First published in Sage Journals July 17, 2020


Background: Revision total hip arthroplasty (rTHA) is often complex and has a less reliable outcome than primary total hip arthroplasty. Acetabular reconstruction remains a challenge because of the variable amount of bone loss. This study describes and evaluates a novel technique of acetabular reconstruction using composite bone grafting.

Surgery performed by Mr Trevor Lawrence

Orthopaedic Consultant at University Hospital Birmingham

Patients and methods: Between June 2005 and January 2012, 108 consecutive patients underwent revision hip arthroplasty in which the acetabular component was revised using composite bone grafting. Of these, 24 were lost to follow-up leaving 84 in the study with a minimum 5-year follow-up.
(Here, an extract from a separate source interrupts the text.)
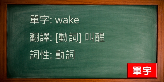 名詞: waker | 動詞過去式: woke/waked | 動詞過去分詞: waked/woken | 動詞現在分詞: waking | 動詞第三人稱單數: wakes |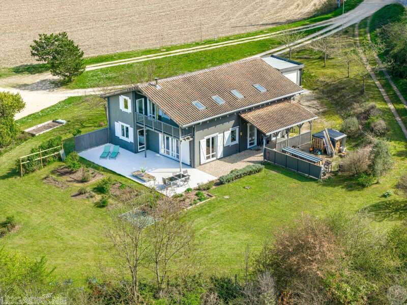 10 minutes from Villeréal, a single-storey wooden house on a 3191 m2 plot, offering a beautiful unobstructed view of the surrounding countryside. Quiet and rural setting.

There were 54 women and 30 men with a mean age of 70.1 (31–91) years. All patients were assessed clinically and radiologically after a minimum of 5 years. The primary outcome measures were rate of re-revision, patient-reported outcomes and radiological evidence of loosening.

Results: The mean follow-up after revision surgery was 6.9 years (5–10). At operation, 60 patients had an acetabular defect of AAOS stage 3 or more. There was no evidence of loosening in 69 revision acetabular components; 12 showed evidence of non-progressive loosening and 3 patients underwent a re-revision procedure (2 for infection, 1 recurrent dislocation). The mean postoperative Hip Disability and Osteoarthritis Outcome Score (HOOS) was 89.11/100 (95% CI, 87.8–90.5). Scores were significantly improved in patients with a more extensive preoperative defect (p = 0.006). The overall patient satisfaction rate at final follow-up was very high.

Conclusions: Composite impaction grafting using a layered cement and bone graft technique can give satisfactory clinical and radiological outcomes in the medium- to long-term.